А  Б  В  Г  Д  Е  Ж  З  И  Й  К  Л  М  Н  О  П  Р  С  Т  У  Ф  Х  Ц  Ч  Ш  Щ  Э  Ю  Я  AZ

 

Труба коридора несколько раз повернула, я же утерял всякое представление о расположении сторон света, находясь в этой каменной без окон ловушке.
— Любезнейший! — окликнул я нашего поводыря в этом лабиринте. — Не будете ли вы добры сказать, зачем строителям замка понадобилось так запутывать его переходы?
— Охотно отвечу на ваш вопрос, господин наследник, — молвил дребезжащим голосом слуга. — Вся эта запутанная сеть переходов, туннелей и лазов была задумана исключительно в целях оборонительных. Даже если бы вражеское войско смогло преодолеть стены замка, оно бы неминуемо заблудилось внутри, где врагов подстерегали бы притаившиеся защитники. Правда, да позволено мне будет заметить, замок наш — неприступен, и ни разу ни одному врагу не удалось даже взять его мощных стен, не говоря уж о том…
— А скажите, — перебил его я, — привидения здесь водятся?
По правде сказать, Леопольд, я бы нисколько не удивился, если бы подобное место не обошлось бы без какого-нибудь бледного призрака. Еще добавлю, что, я и до сих пор придерживаюсь такого мнения, призракам здесь должно быть гораздо уютней и милей, чем людям.
Слуга не слышал или не хотел слышать моего вопроса. Когда мы стали подниматься вверх по каменной винтовой лестнице, я его повторил. На сей раз слуга меня расслышал (или ему ничего больше не оставалось, как расслышать).
— Привидения, господин наследник? — ответствовал он. — Не знаю. Может быть. Замок, как вы сами убедитесь, огромен. Немного сыщется тех, кто был во всех его комнатах и закоулках. Поэтому не исключено, что в какой-нибудь отдаленной части замка обитает привидение.
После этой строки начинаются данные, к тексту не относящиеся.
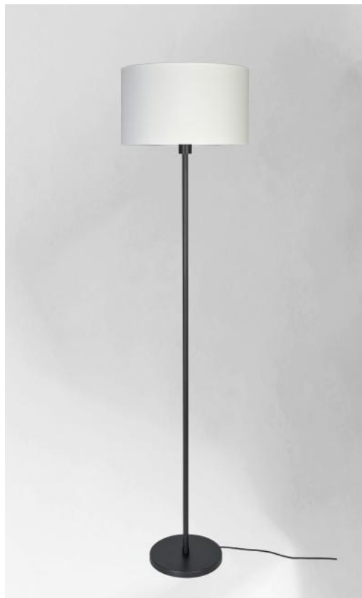
IMAT en bronze griffé avec abat-jour en Coton Calcaire (tissu de catégorie 1)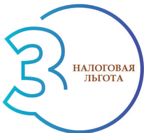
ШАГ 3. ОПРЕДЕЛЕНИЕ НАЛОГОВОЙ ЛЬГОТЫ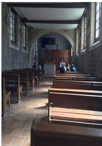
Messe dans la chapelle

orthodoxe et protestant). A la demande du patient, chaque représentant des divers cultes peut être contacté par le personnel soignant.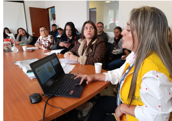
Encuentro de capacitación despliegue territorial - Nariño.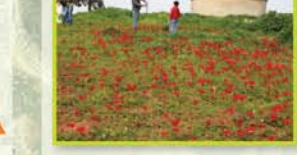
גבעת הכלניות: גבעה המתכסה בפרחי כלניות בחודשים דצמבר-מרץ. במקום התגלו קברים חפורים בקרקע ובהם ממצאים מהתקופה הביזנטית מהגבעה תצפית יפה על מרחב הירקון.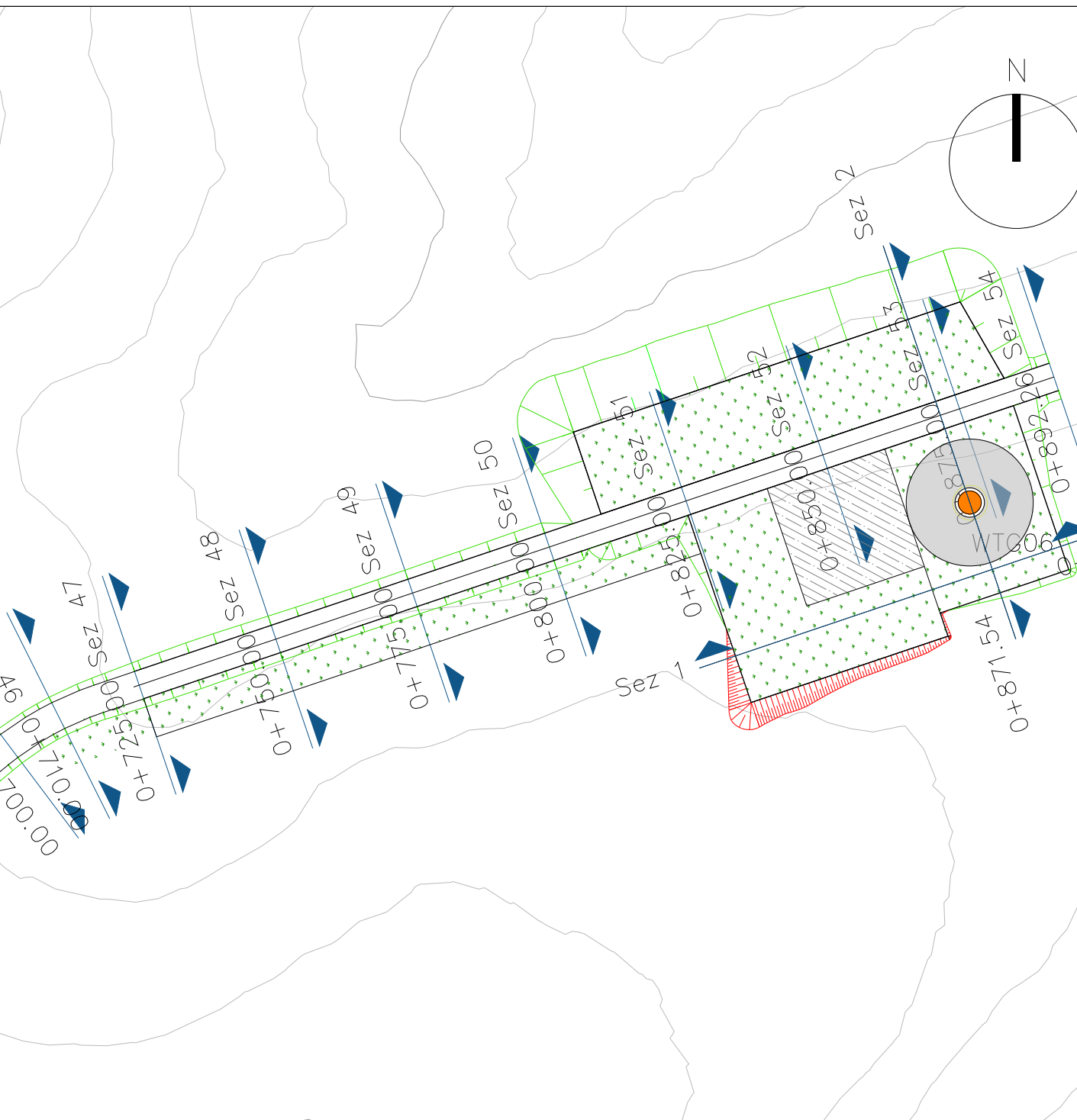
PARTICOLARE PIAZZOLA IN FASE DI ESERCIZIO DELL'AEROGENERATORE WTG06 scala 1:1000

Сейчас мы шли через длинную анфиладу заброшенных, пыльных комнат. Неожиданно Клара завизжала. Сказать по правде, этот визг меня напугал.
— Что такое? — Я обернулся.
Клара была близка к обмороку. Ее бледные щеки фосфоресцировали в полумраке.
— Летучая мышь… О Господи… Огромная… Как кошка.
— Ну, сударыня, — слуга улыбнулся, — этого добра у нас хватает. Скоро вы перестанете их бояться и даже внимания на них обращать не будете.
— О Боже! — шептала Клара. — Мне дурно!
— Сударыня! — сказал слуга внушительно. — Советую вам поторопиться, иначе вы не успеете услышать последнюю волю умирающего. А для вас, — он подчеркнул это «для вас», — для вас очень многое от этого зависит.
— А далеко еще идти? — спросила мать.
— Уже нет, — отвечал слуга.
Далее мы шли в полной тишине. Спустились по какой-то заброшенной лестнице вниз, некоторое время пропетляли по узкому извилистому коридору, чтобы выйти в поистине огромное помещение, длиною не меньше полумили, сплошь уставленное подпирающими массивный потолок внушительными колоннами. Отсюда открывался выход на террасу, которая, в свою очередь, выходила во внутренний двор.
— Сюда, пожалуйста. — Слуга указал на неприметную дверцу, укрывавшуюся в стене напротив террасы, пропустил нас с поклоном, следом вошел и сам.
За дверью находился очередной коридор, имевший, правда, уже более обжитой вид. Стены были обиты желтого оттенка материалом, а в коридоре тут и там стояли стулья.
— Вам вот сюда! — Слуга указывал на дверь в конце коридора. — На этом разрешите откланяться!
Неспешно и важно побрел он прочь.
— Спасибо вам большое! — крикнула мать ему вдогонку.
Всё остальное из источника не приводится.